Они подошли к широким ступеням лестницы парадного входа во дворец Персиянцевых. Граф Петр был важным чиновником в царском министерстве образования, а при Александре III слыл закоренелым реакционером. Его единственный сын, которому теперь было двадцать два, служил в Лейб-гвардии Гусарском Его Величества полку. И отец, и мать его, бывшая княгиня Полтавина, души в нем не чаяли.
Страдающая ипохондрией графиня часто приглашала к себе доктора Ефимова. Но дома он редко говорил о своих пациентах-аристократах. А когда все же говорил, неизменно качал головой и бормотал: «Если мать во всем потакает сыну, а отец горой стоит за неограниченную власть царя, какого человека они воспитают?»
Во дворце, у которого они остановились, ярко горели окна. Важный лакей в ливрее, белых чулках и туфлях с пряжками открывал большую парадную дверь гостям в военной форме и их блистательным спутницам в горностаях и соболях.
Надя нерешительно ступила на первую ступеньку, но отец взял ее за руку.
— Для нас есть другая дверь, Наденька. Нам сюда!
Они зашли за угол дома, и Надя увидела другую, гораздо менее внушительных размеров дверь.
— Это черный ход?
— Это у нас черный ход предназначается только для слуг, но в больших домах, таких как этот, есть много дверей.

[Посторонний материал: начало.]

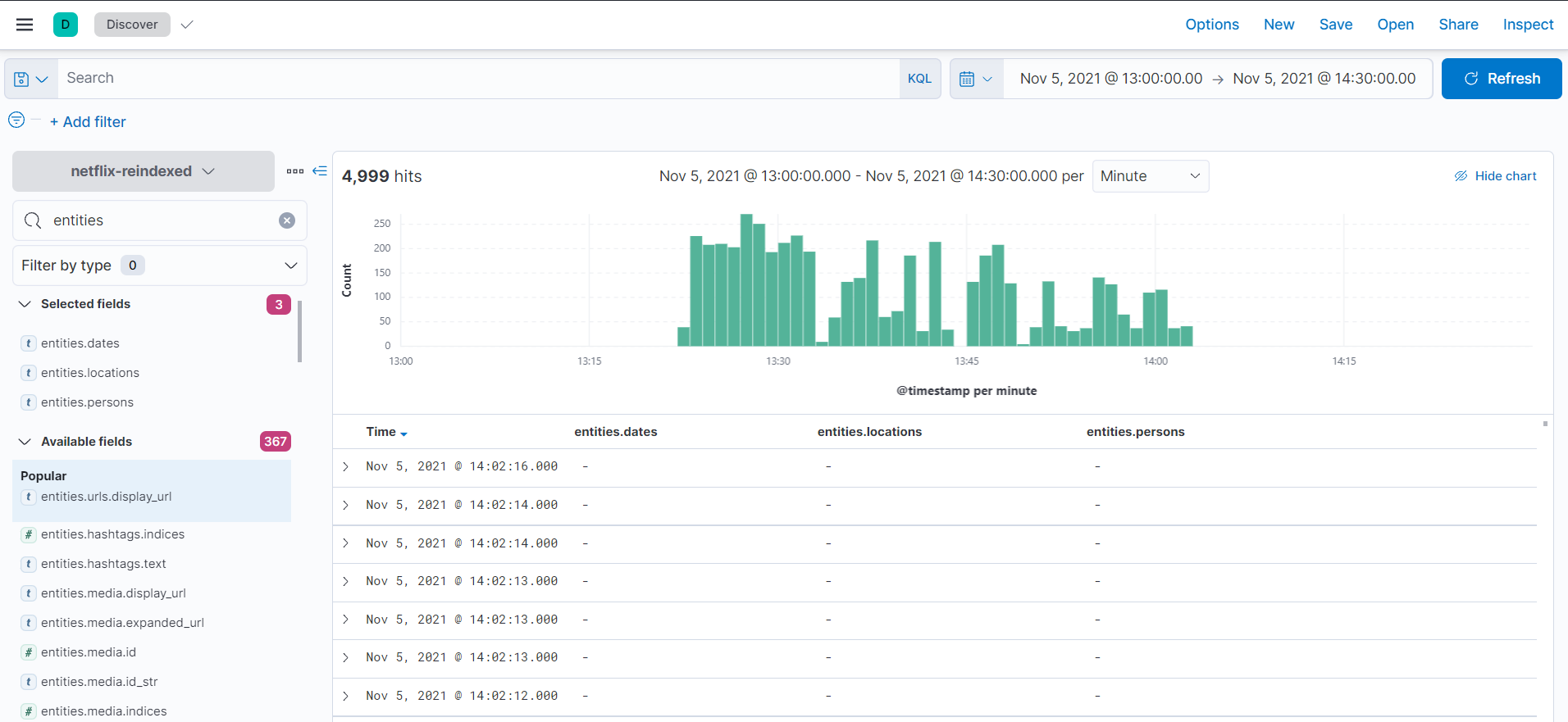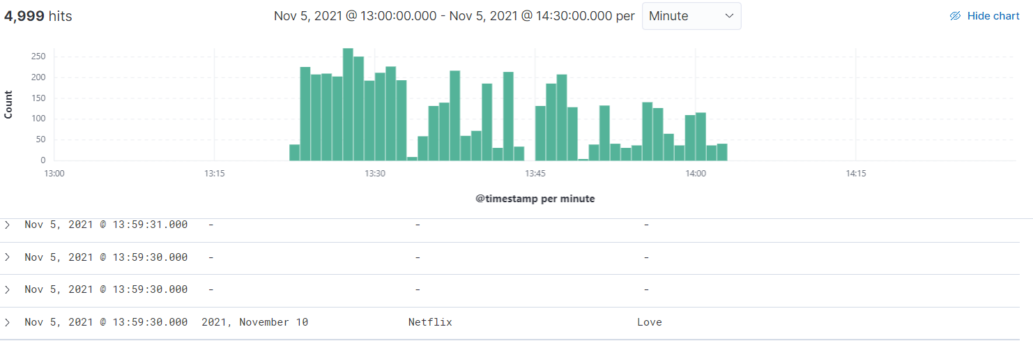 생성한 인덱스 패턴을 통해 데이터를 조회해보았는데, 원하는 데이터 값은 들어있지 않았다 ㅜㅡㅜ

— Понятно. Мы недостаточно хороши, чтобы входить через парадную дверь, потому что у тебя нет золотых эполет на плечах, а я не в шелковом платье. Ведь правда, папа? Хотя ты врач и нужен им, чтобы лечить их болезни. Меня от этого тошнит. Я не пойду. Иди туда один!
— Не глупи, Надя. Ты не можешь оставаться здесь на морозе, пока я буду внутри.
Дверь отворилась, и Антон Степанович за руку повел недовольную дочь в дом. На пороге их встретила старая няня в белом накрахмаленном переднике. Всплеснув руками, она запричитала:
— Пресвятая Дева, как хорошо, что вы так быстро пришли, Антон Степанович. Их светлость — благослови, Господи, ее нежное сердечко, — уходя в приемные покои, строго-настрого приказали мне дежурить в его комнате. Да разве его, соколика, удержишь? Он отказывается лежать и рвется на бал. Что мне с ним делать?
— Не волнуйтесь, Аграфена Егоровна. Давайте сначала посмотрим, что с ним, — успокаивающим тоном произнес Антон Степанович, следуя за женщиной через анфиладу полутемных комнат. Когда дошли до закрытой двери, Антон Степанович повернулся к Наде.
— Жди здесь, пока я не выйду.
Надя кивнула, и отец с няней Персиянцевых исчез в соседней комнате. Дверь за ними быстро закрылась, но Надя успела заметить горящий в камине огонь, а в зеркале — отражение окутанной тенью фигуры высокого человека.